Task to complete »
An exact reproduction of the lines below, from the first through the one with "Souprava devíti krátkých", is the whole answer; pictures have no place in it.

Data provided »
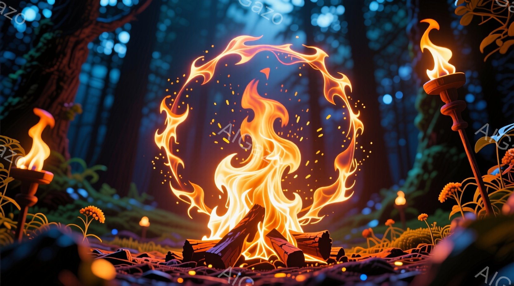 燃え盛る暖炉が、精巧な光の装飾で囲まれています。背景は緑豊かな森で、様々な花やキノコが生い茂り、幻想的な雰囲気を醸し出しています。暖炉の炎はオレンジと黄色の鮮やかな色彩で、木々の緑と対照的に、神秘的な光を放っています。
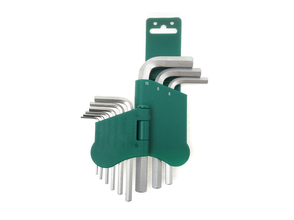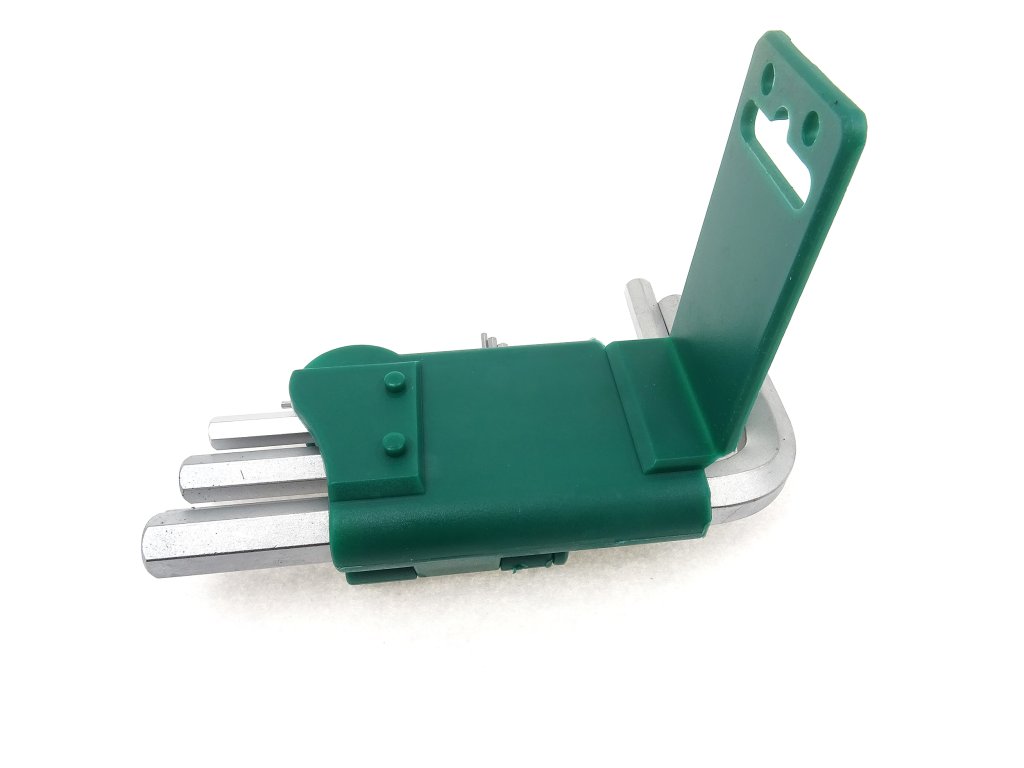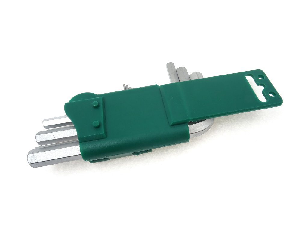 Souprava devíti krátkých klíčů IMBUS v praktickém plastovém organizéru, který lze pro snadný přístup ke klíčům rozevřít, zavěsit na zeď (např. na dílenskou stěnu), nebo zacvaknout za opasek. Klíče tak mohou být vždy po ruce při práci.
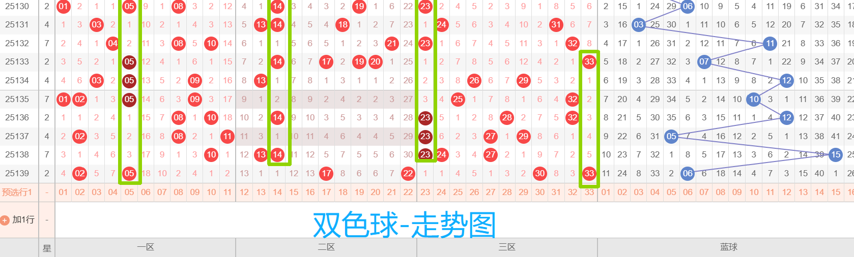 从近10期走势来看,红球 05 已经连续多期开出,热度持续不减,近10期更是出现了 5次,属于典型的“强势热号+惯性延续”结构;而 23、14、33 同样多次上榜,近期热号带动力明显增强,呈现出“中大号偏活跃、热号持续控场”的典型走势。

Solution below »
 燃え盛る暖炉が、精巧な光の装飾で囲まれています。背景は緑豊かな森で、様々な花やキノコが生い茂り、幻想的な雰囲気を醸し出しています。暖炉の炎はオレンジと黄色の鮮やかな色彩で、木々の緑と対照的に、神秘的な光を放っています。
 Souprava devíti krátkých klíčů IMBUS v praktickém plastovém organizéru, který lze pro snadný přístup ke klíčům rozevřít, zavěsit na zeď (např. na dílenskou stěnu), nebo zacvaknout za opasek. Klíče tak mohou být vždy po ruce při práci.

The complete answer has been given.